## EXTRACTED RECORDS

==================================================

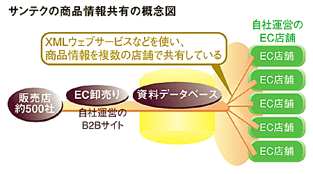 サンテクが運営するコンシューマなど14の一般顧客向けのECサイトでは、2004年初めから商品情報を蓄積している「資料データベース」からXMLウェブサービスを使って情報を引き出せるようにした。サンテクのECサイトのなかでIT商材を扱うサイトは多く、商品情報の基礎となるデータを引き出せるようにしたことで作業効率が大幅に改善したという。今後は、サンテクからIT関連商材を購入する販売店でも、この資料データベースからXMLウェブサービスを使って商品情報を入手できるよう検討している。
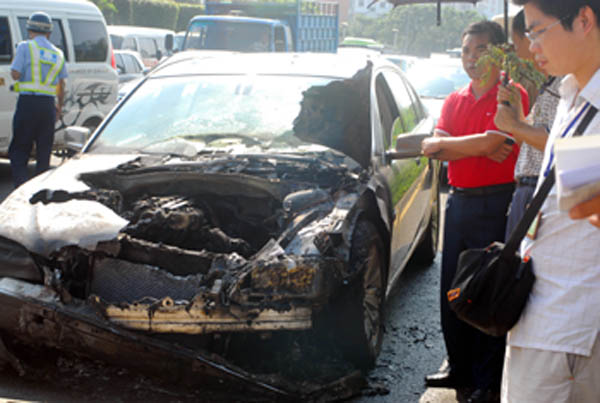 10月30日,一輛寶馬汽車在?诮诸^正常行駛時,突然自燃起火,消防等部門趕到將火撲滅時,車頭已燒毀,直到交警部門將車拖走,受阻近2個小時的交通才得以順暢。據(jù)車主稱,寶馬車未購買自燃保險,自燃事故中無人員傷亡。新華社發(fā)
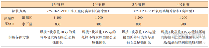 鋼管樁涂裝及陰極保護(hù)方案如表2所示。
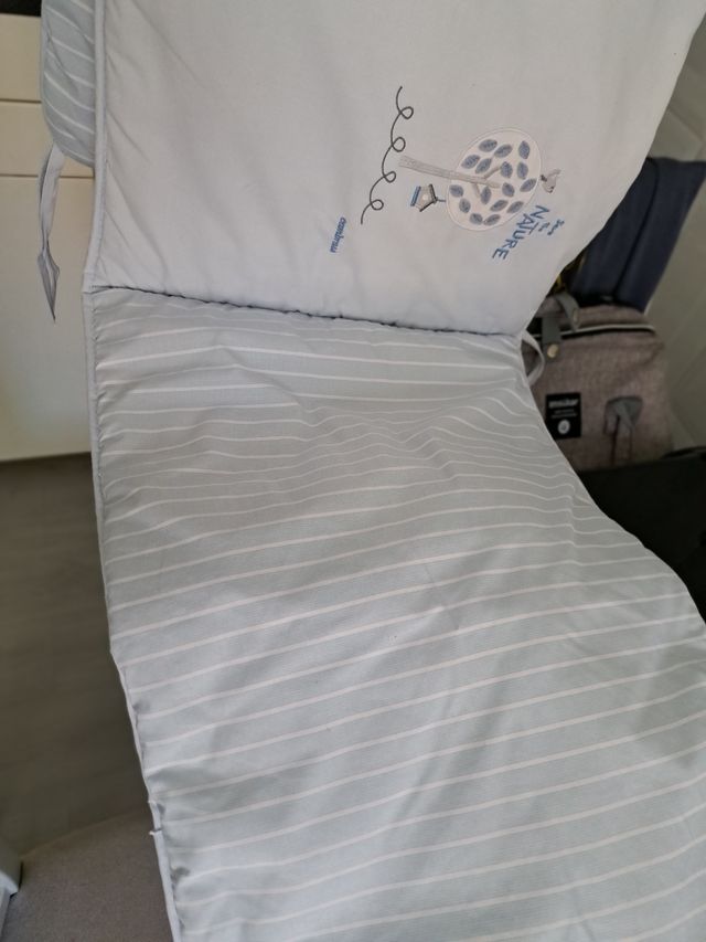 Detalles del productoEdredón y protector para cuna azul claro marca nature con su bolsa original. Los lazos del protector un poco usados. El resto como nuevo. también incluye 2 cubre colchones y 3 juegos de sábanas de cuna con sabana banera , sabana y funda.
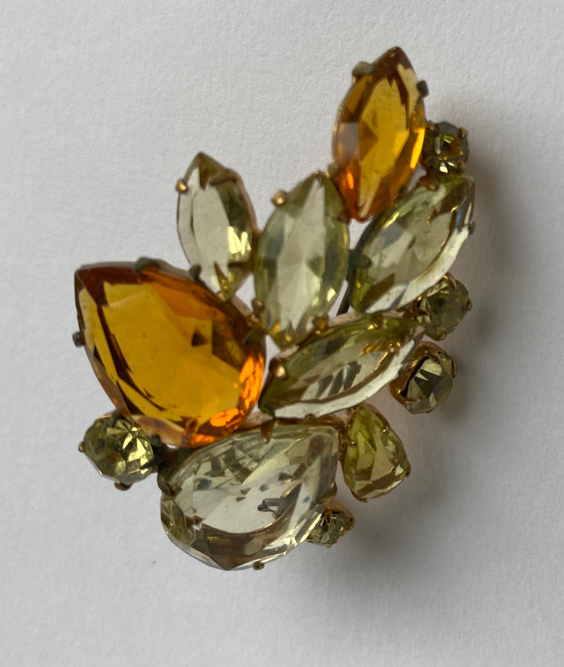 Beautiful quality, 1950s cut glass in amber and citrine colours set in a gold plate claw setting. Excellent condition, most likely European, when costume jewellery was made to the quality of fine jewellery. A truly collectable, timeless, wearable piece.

==================================================

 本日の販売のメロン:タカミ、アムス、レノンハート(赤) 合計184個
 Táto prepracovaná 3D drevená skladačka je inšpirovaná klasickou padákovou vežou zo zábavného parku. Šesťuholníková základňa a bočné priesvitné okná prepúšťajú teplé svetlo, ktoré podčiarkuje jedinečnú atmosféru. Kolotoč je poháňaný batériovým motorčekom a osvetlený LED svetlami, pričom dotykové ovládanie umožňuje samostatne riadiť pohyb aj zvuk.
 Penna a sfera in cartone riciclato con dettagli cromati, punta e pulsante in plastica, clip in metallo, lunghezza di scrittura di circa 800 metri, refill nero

==================================================

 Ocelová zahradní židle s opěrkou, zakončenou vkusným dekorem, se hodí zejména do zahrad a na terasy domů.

==================================================

Only the lines above from the one containing "サンテクが運営するコンシュー" through the one containing "Beautiful quality, 1950s" should be returned, verbatim and inclusive, with pictures excluded.

## ANSWER BELOW
 サンテクが運営するコンシューマなど14の一般顧客向けのECサイトでは、2004年初めから商品情報を蓄積している「資料データベース」からXMLウェブサービスを使って情報を引き出せるようにした。サンテクのECサイトのなかでIT商材を扱うサイトは多く、商品情報の基礎となるデータを引き出せるようにしたことで作業効率が大幅に改善したという。今後は、サンテクからIT関連商材を購入する販売店でも、この資料データベースからXMLウェブサービスを使って商品情報を入手できるよう検討している。
 10月30日,一輛寶馬汽車在?诮诸^正常行駛時,突然自燃起火,消防等部門趕到將火撲滅時,車頭已燒毀,直到交警部門將車拖走,受阻近2個小時的交通才得以順暢。據(jù)車主稱,寶馬車未購買自燃保險,自燃事故中無人員傷亡。新華社發(fā)
 鋼管樁涂裝及陰極保護(hù)方案如表2所示。
 Detalles del productoEdredón y protector para cuna azul claro marca nature con su bolsa original. Los lazos del protector un poco usados. El resto como nuevo. también incluye 2 cubre colchones y 3 juegos de sábanas de cuna con sabana banera , sabana y funda.
 Beautiful quality, 1950s cut glass in amber and citrine colours set in a gold plate claw setting. Excellent condition, most likely European, when costume jewellery was made to the quality of fine jewellery. A truly collectable, timeless, wearable piece.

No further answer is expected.